If this stratagem seems too clever by half, well it is. Shareholders are asked to transfer their voting rights in exchange for an iffy promise of a $1 gain above the Air Canada offer. Yet, it creates a “prisoner’s dilemma situation” for shareholders of Transat: if one believes that other large shareholders may also reject the transaction, thus blocking it, better get in the $14 safety boat as the Transat’s stock price will drop precipitously on August 24th. (But if the number of shares tended exceed the 19.5%, only a proportional number of shares will be bought by Mach).
Indeed if the move is successful in blocking the transaction Transat’s share price will quickly drop to what it was before the prospective acquisition became public and perhaps even lower as Transat has been announcing bad news ever since. It is unclear how Group Mach would turn around the situation and bring back the stock price. They state rather vaguely: “Mach intends to work with other stakeholders and shareholders to advocate for improved corporate governance, management accountability and financial performance at Transat, with a view to maximizing returns for Transat shareholders.”

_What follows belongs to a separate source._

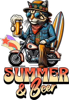 Hippie Cat Motorcycle DTF Transfer with Beer & Surfboard - Summer Vibes
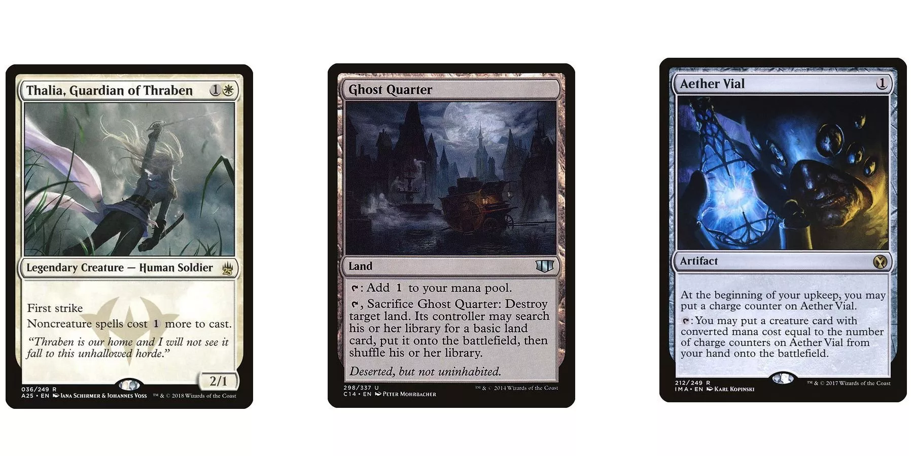Los hechizos de esta cubierta que no son de criaturas son limitados pero eficientes. Tiene un juego de "Camino al exilio", que es útil para deshacerse de cualquier criatura problemática por sólo W. Además, Aether Vial es un artefacto barato que puede tener contadores de carga colocados en él, y puede golpear para poner una criatura en el campo de batalla sin pagar ningún maná. Esto hará que 1) las criaturas sean libres, 2) poner criaturas en el campo de batalla a velocidad instantánea y 3) esquivar contra-hechizos. La trampa de hechizos o comando críptico del oponente estará indefenso.

Of course one may wish that Transat had continued as an independent operator providing some needed competition to Air Canada. Mach pushes the argument that with their offer one gets cash right away while the Air Canada transaction will not close until 2020 and hints at competition hurdles with regulatory authorities.
So shareholders may favour the transaction with Air Canada but fear that it will be blocked thus motivating them to accept the Mach offer. If a large number of shares, much more than 19.5%, were tended, the $14 offer would apply only to a fraction of their shareholding, the balance would suffer from the ensuing drop in Transat’s share price. Mach’s offer is valid until August 13th. It would be useful if large shareholders of Transat were to announce their voting intentions before that date.
All in all, the Mach proposal is unusual and does put shareholders, particularly small shareholders, in a sort of double-bind; it deserves scrutiny by the securities commissions.
Opinions expressed are strictly those of the author.